### What is required
Repeat all of the data below word for word, keeping no images.

### Data excerpt
....................
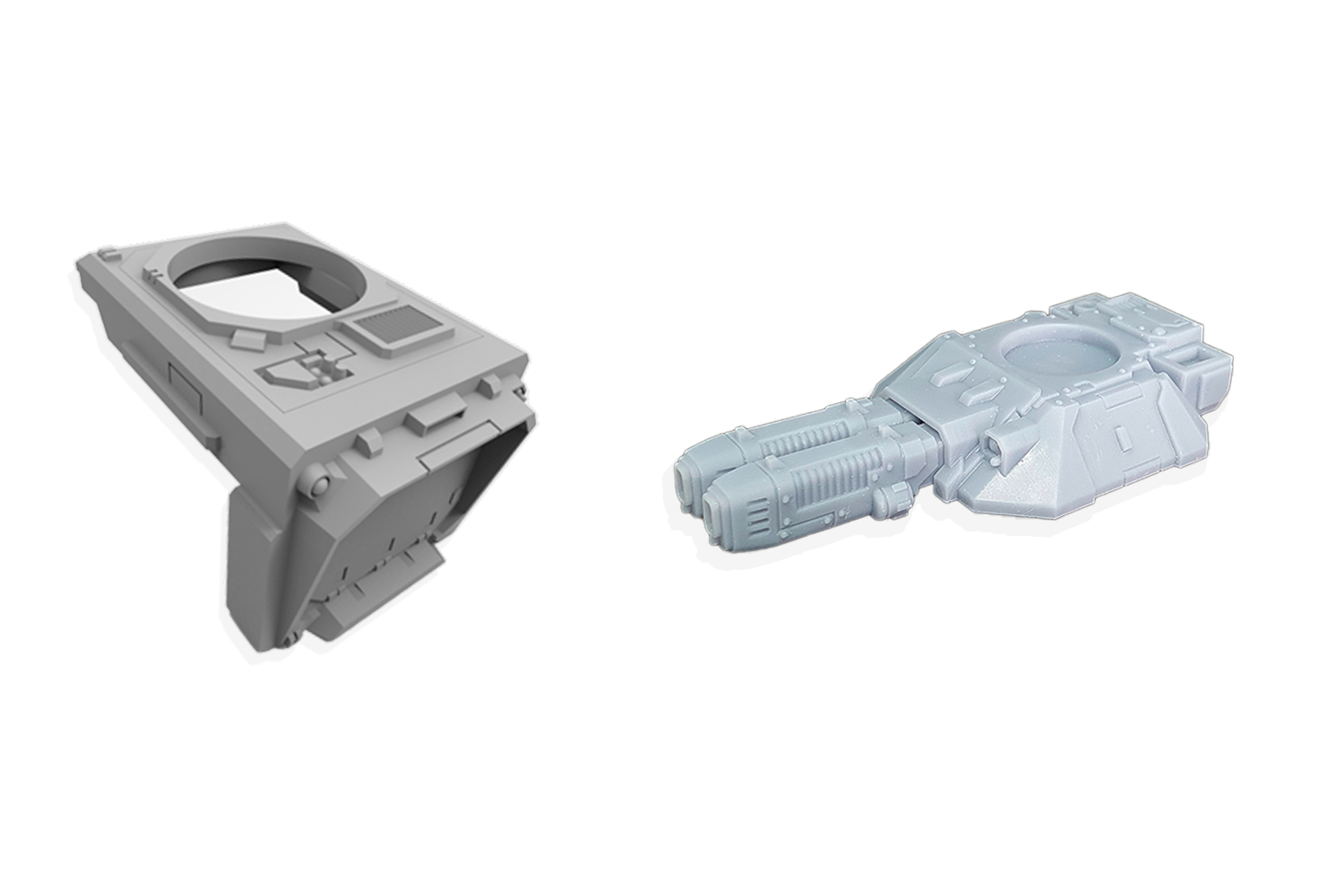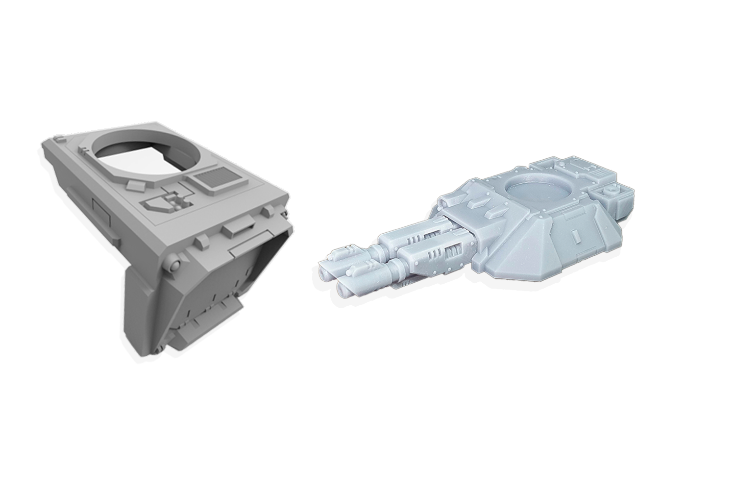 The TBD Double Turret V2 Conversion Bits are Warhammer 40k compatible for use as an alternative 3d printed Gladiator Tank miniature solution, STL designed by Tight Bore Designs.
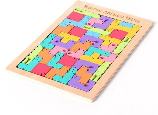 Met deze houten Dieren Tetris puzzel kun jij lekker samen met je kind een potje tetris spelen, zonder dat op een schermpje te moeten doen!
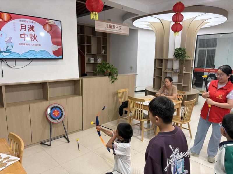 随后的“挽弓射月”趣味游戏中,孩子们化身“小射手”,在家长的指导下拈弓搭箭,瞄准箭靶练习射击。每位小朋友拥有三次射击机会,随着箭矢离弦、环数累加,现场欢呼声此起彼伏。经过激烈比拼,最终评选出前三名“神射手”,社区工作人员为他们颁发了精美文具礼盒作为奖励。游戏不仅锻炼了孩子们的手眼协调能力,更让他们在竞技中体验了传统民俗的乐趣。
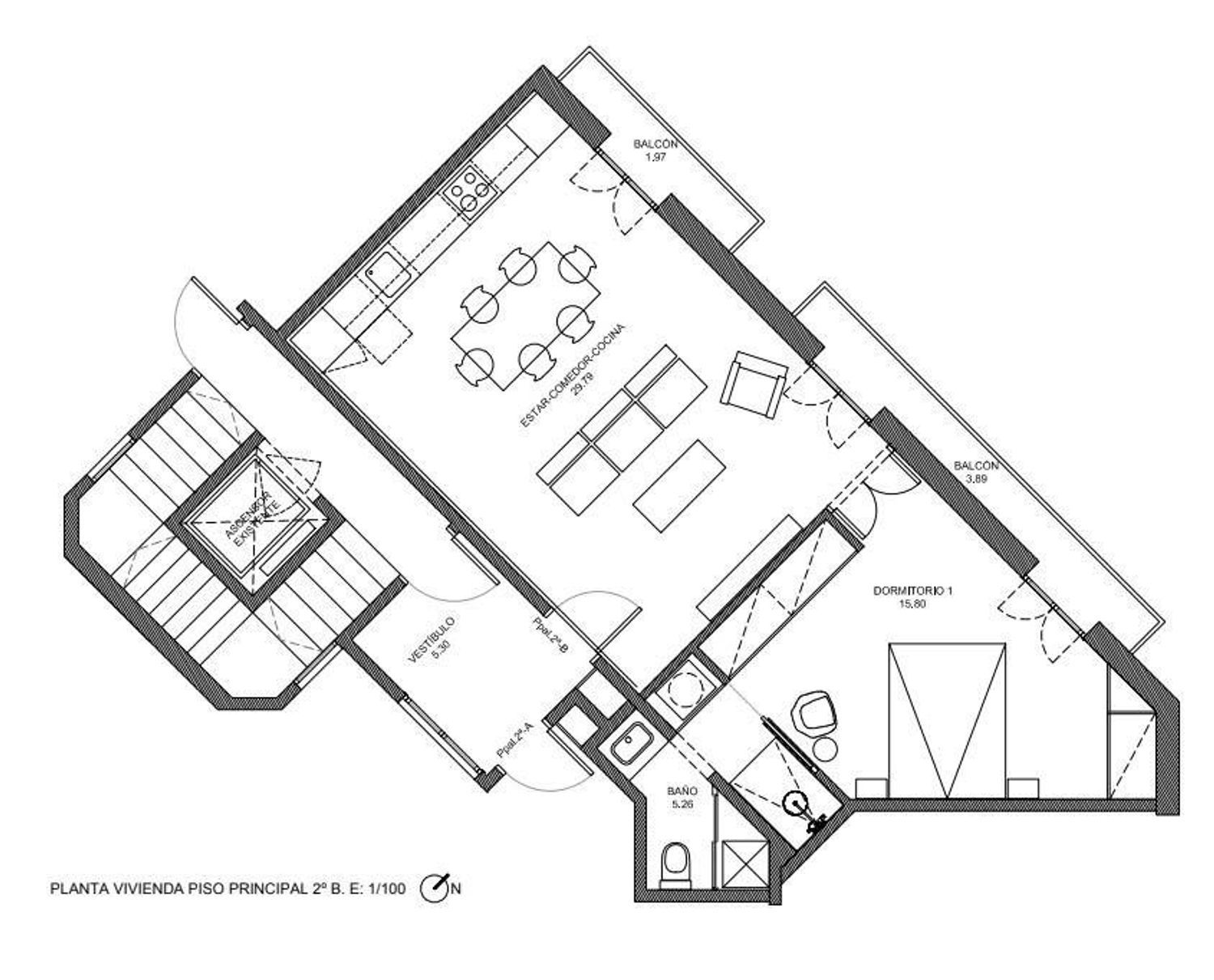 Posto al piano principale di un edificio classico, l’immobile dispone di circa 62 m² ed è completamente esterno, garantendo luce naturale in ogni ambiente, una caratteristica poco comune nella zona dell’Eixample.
....................
### Answer to this task
 The TBD Double Turret V2 Conversion Bits are Warhammer 40k compatible for use as an alternative 3d printed Gladiator Tank miniature solution, STL designed by Tight Bore Designs.
 Met deze houten Dieren Tetris puzzel kun jij lekker samen met je kind een potje tetris spelen, zonder dat op een schermpje te moeten doen!
 随后的“挽弓射月”趣味游戏中,孩子们化身“小射手”,在家长的指导下拈弓搭箭,瞄准箭靶练习射击。每位小朋友拥有三次射击机会,随着箭矢离弦、环数累加,现场欢呼声此起彼伏。经过激烈比拼,最终评选出前三名“神射手”,社区工作人员为他们颁发了精美文具礼盒作为奖励。游戏不仅锻炼了孩子们的手眼协调能力,更让他们在竞技中体验了传统民俗的乐趣。
 Posto al piano principale di un edificio classico, l’immobile dispone di circa 62 m² ed è completamente esterno, garantendo luce naturale in ogni ambiente, una caratteristica poco comune nella zona dell’Eixample.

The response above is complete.